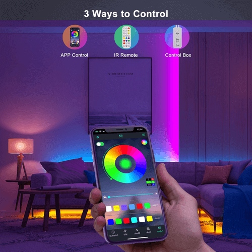 تم تجهيز أضواء الشريط LCD دائمًا بتطبيق للتحكم عن بعد، من الممكن تشغيل أو إيقاف تشغيل مصابيح LCD وتغيير الألوان أودرجة السطوع بإستخدام تطبيق عبر الهاتف.
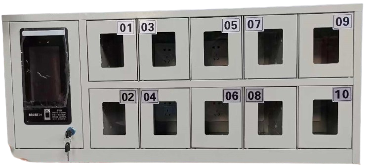 The charging function operates via a standard electrical outlet, and the cabinet is equipped with necessary ports for charging.
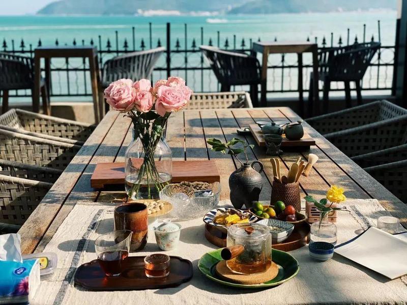 许多人情不自禁的被这个清新的滨海小院所吸引,会进到院子打卡。虽然可以选择的品类不多,但可以点一壶茶或者一杯咖啡,坐在怡舍的院子里边吹海风边发呆,顺便围观一下其他来网红小巷打卡的人们。
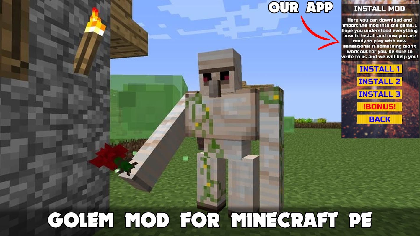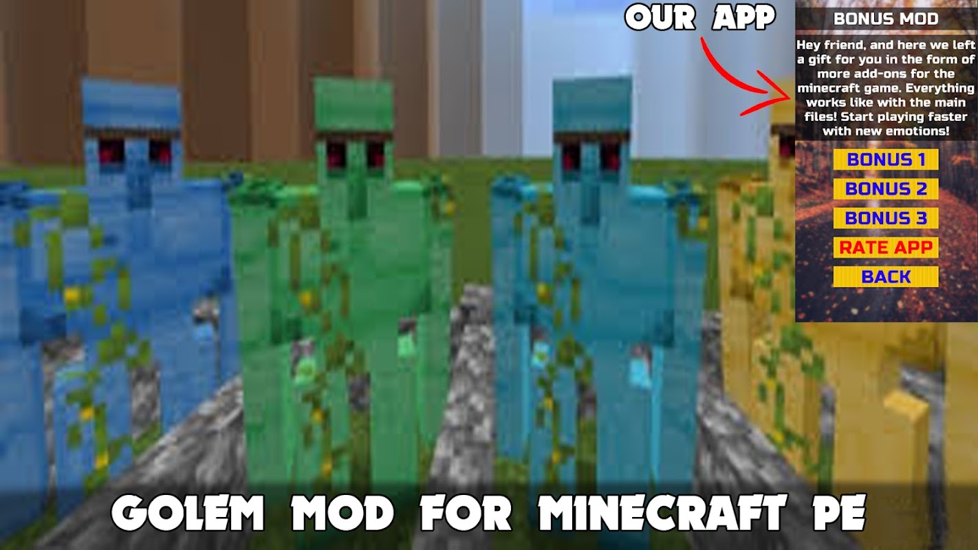 😀🤣Nếu bạn cảm thấy mệt mỏi với phiên bản Minecraft thông thường và muốn đa dạng hóa lối chơi, bạn có thể cài đặt một trong những sửa đổi của chúng tôi. Đây là những gì chúng ta đã nói ở trên. Nhưng đây sẽ không phải là một phần bổ sung thông thường có thêm những con vật tuyệt vời, địa điểm hoặc đạo cụ mới, mà là một bản mod độc đáo. Bạn có thể tải xuống Golem Mod luôn được cập nhật cho Minecraft Pocket Edition 2022!🤣😀
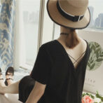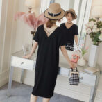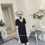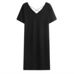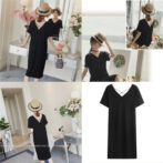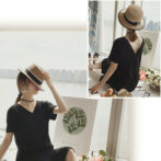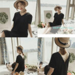 【ブラック/フリーサイズ】オルチャンファッション ワンピース カジュアル 韓国ファッション 背中見せ Vネック Aライン ひざ丈
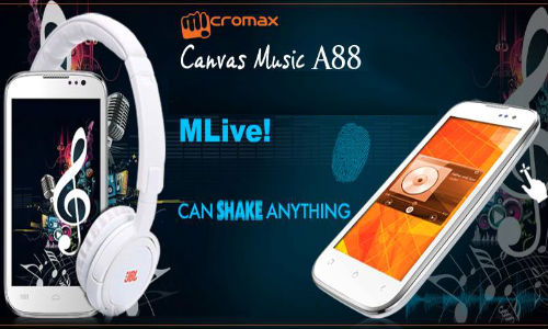 Specswise, Canvas Music A88 will come packed with 4.5-inch capacitive touch screen display with a resolution of 854 x 480 pixels, dual-core MediaTek MT6577 processor clocked to 1.2 GHz, 512MB RAM, Android 4.1.2 (Jelly Bean) platform, 5MP rear camera with Auto Focus and dual LED Flash and 0.3 MP front-facing camera for video calling. Also, Micromax Canvas Music A88 will come equipped with a 4GB internal memory - expandable up to 32GB with microSD, along with connectivity features including 3G, Wi-Fi 802.11 b/g/n, Bluetooth, GPS. The company has also claimed to provide a a talk time of 5 hours with 1800 mAh battery.
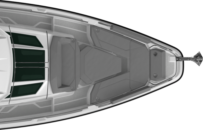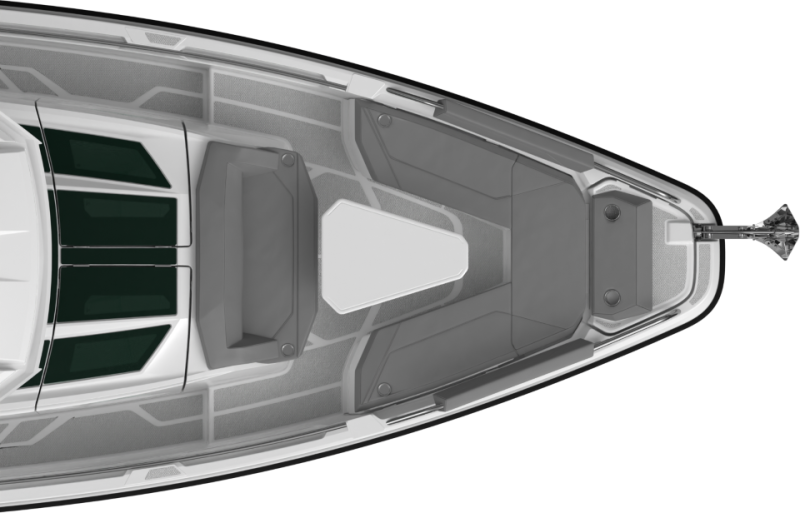 - Combined lounge sofa and bed solution with reclinable backrest for extended usability of the front cabin.
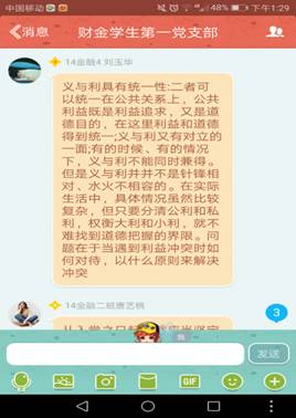 本次讨论,由各支部成员提前收集材料并根据活动主题内容进行心得体会交流,通过这次的线上学习,支部成员对于如何成为一名合格的学生党员都有了更加深刻的认识和理解,意识到带头践行社会主义核心价值观是共产党员的重要责任,也认识到在“两学一做”学习教育活动中,加强思想建设,坚定理想信念的重要意义,支部各位党员同志都将争做“五能”合格党员当作自己的目标。

--

Exercise aim
Set down exactly, from the line that contains "Pocket Edition 2022!🤣😀" through the last line of the data, each line as it stands, and leave the pictures out.

Result of this exercise
 😀🤣Nếu bạn cảm thấy mệt mỏi với phiên bản Minecraft thông thường và muốn đa dạng hóa lối chơi, bạn có thể cài đặt một trong những sửa đổi của chúng tôi. Đây là những gì chúng ta đã nói ở trên. Nhưng đây sẽ không phải là một phần bổ sung thông thường có thêm những con vật tuyệt vời, địa điểm hoặc đạo cụ mới, mà là một bản mod độc đáo. Bạn có thể tải xuống Golem Mod luôn được cập nhật cho Minecraft Pocket Edition 2022!🤣😀
 【ブラック/フリーサイズ】オルチャンファッション ワンピース カジュアル 韓国ファッション 背中見せ Vネック Aライン ひざ丈
 Specswise, Canvas Music A88 will come packed with 4.5-inch capacitive touch screen display with a resolution of 854 x 480 pixels, dual-core MediaTek MT6577 processor clocked to 1.2 GHz, 512MB RAM, Android 4.1.2 (Jelly Bean) platform, 5MP rear camera with Auto Focus and dual LED Flash and 0.3 MP front-facing camera for video calling. Also, Micromax Canvas Music A88 will come equipped with a 4GB internal memory - expandable up to 32GB with microSD, along with connectivity features including 3G, Wi-Fi 802.11 b/g/n, Bluetooth, GPS. The company has also claimed to provide a a talk time of 5 hours with 1800 mAh battery.
 - Combined lounge sofa and bed solution with reclinable backrest for extended usability of the front cabin.
 本次讨论,由各支部成员提前收集材料并根据活动主题内容进行心得体会交流,通过这次的线上学习,支部成员对于如何成为一名合格的学生党员都有了更加深刻的认识和理解,意识到带头践行社会主义核心价值观是共产党员的重要责任,也认识到在“两学一做”学习教育活动中,加强思想建设,坚定理想信念的重要意义,支部各位党员同志都将争做“五能”合格党员当作自己的目标。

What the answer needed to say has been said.